In the next stages—enhance and clean up—you'll aim to improve and refine the codebase. These modes involve making changes beyond bug fixes, such as implementing new features (enhance) and refining the existing code for better maintainability and readability (clean up). Each mode serves a distinct purpose in the ongoing development and improvement of the software. Continuing with the process, after fixing a bug, it's important to focus on that specific issue without introducing new problems. If the fix requires significant changes, consider cleanup or refactoring before addressing the bug. Look for patterns across the codebase, and if there are other similar issues, make a note to address them separately.
While fixing a bug, change as little as necessary, and if applicable, write a unit test. The goal is to keep the changes focused on resolving the identified problem. By doing this, code reviews become more straightforward, as each pull request can be dedicated to fixing one specific bug. The next mode is "enhance," which encompasses everything that makes the code more useful. This involves implementing a single feature. If the implementation requires refactoring, consider refactoring the code first and then adding the new feature. It's essential to be aware of when to refactor, especially to avoid complications while in the middle of implementing a feature.
A practical approach is to commit the work in progress, return to the main branch, and then perform the refactoring in a separate commit. This separation allows for a cleaner workflow and a more organized history. After the refactoring is complete, return to the feature implementation with a clearer context. In summary, the stages include fixing specific bugs, enhancing the code by implementing new features, and considering refactoring when necessary. By following a systematic approach and maintaining a clear focus on each task, the development process becomes more manageable and efficient.
And improving comments that can be non-controversial and straightforward.

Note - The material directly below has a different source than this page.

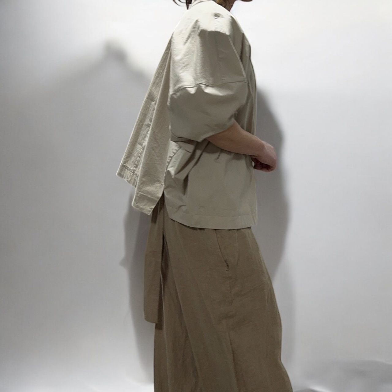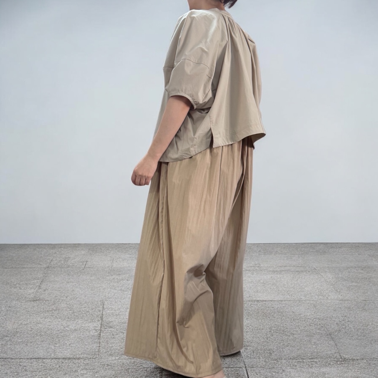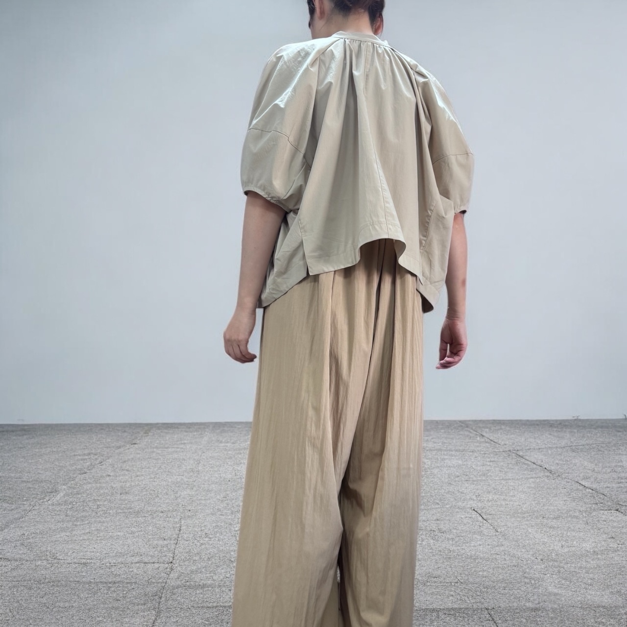 立体感のあるシルエットに加え、前後で表情の変わるタックデザインがこなれた印象を引き立てます。

However, if you're making more substantial changes, especially if they affect the structure or functionality of the code, it's crucial to consider the implications and potential risks. In conclusion, when in cleanup mode, focus on refining the code without altering its capabilities. This can include refactoring, removing unused code, improving documentation, and enhancing overall readability. It's important to maintain a balance, ensuring that the cleanup efforts contribute to the code's long-term maintainability and readability.
By following these distinct modes—fix, enhance, and clean up—you establish a systematic approach to software development. Each mode has its unique goals, and transitioning between them helps manage complex projects more efficiently. Additionally, it supports collaboration by providing clear boundaries for tasks, making code reviews smoother, and ensuring that the end result is high-quality, maintainable code. Thank you for sharing your insights on the different modes of development and code review. Your systematic approach to managing tasks and transitioning between modes provides a valuable framework for developers. If there are any questions from the audience, feel free to ask.